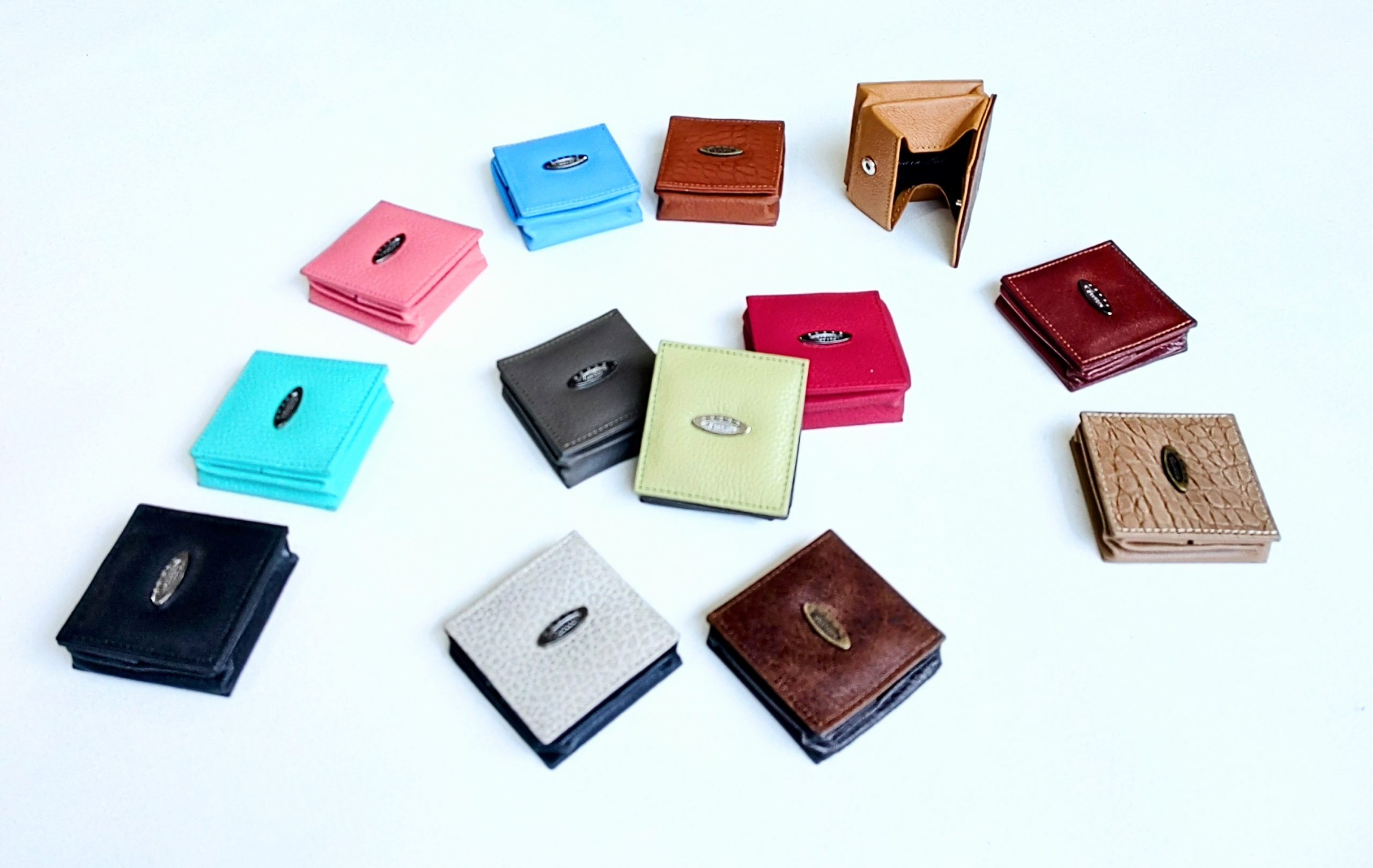 Porta monedas unisex, de piel en varios colores y texturas, consulta el catálogo virtual.
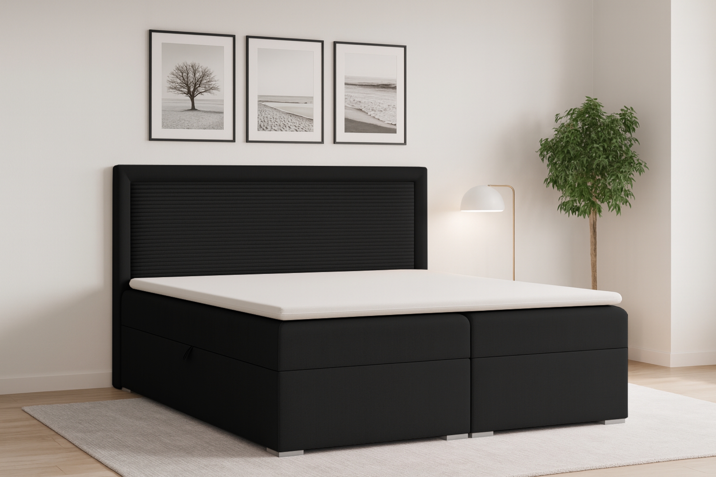 Das Boxspringbett JOHN II verbindet modernes Design mit höchstem Komfort und bietet die ideale Lösung für erholsamen Schlaf. Ausgestattet mit zwei Bonell-Federkernmatratzen, garantiert es optimale Unterstützung und himmlischen Schlafkomfort. Die praktischen, integrierten Bettkästen schaffen zusätzlichen Stauraum für Bettwäsche und Utensilien und sorgen für Ordnung im Schlafzimmer.
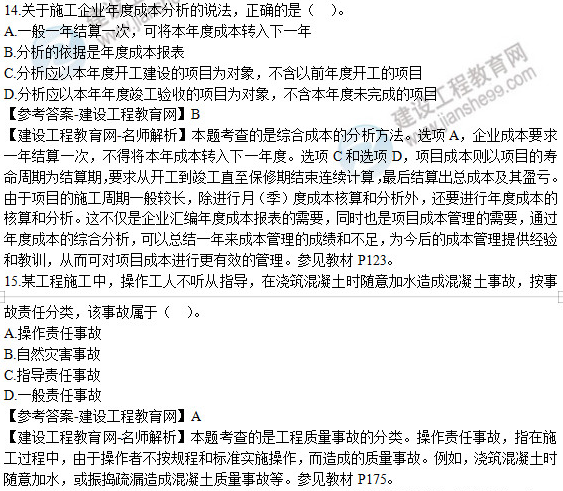 2019年二級建造師《建設(shè)工程施工管理》試題及答案解析11-15

What to do: Starting at the line that holds "Das Boxspringbett JOHN", retype every line through the end of the data, both ends included. Pictures stay out of the copy.

Task solution:
 Das Boxspringbett JOHN II verbindet modernes Design mit höchstem Komfort und bietet die ideale Lösung für erholsamen Schlaf. Ausgestattet mit zwei Bonell-Federkernmatratzen, garantiert es optimale Unterstützung und himmlischen Schlafkomfort. Die praktischen, integrierten Bettkästen schaffen zusätzlichen Stauraum für Bettwäsche und Utensilien und sorgen für Ordnung im Schlafzimmer.
 2019年二級建造師《建設(shè)工程施工管理》試題及答案解析11-15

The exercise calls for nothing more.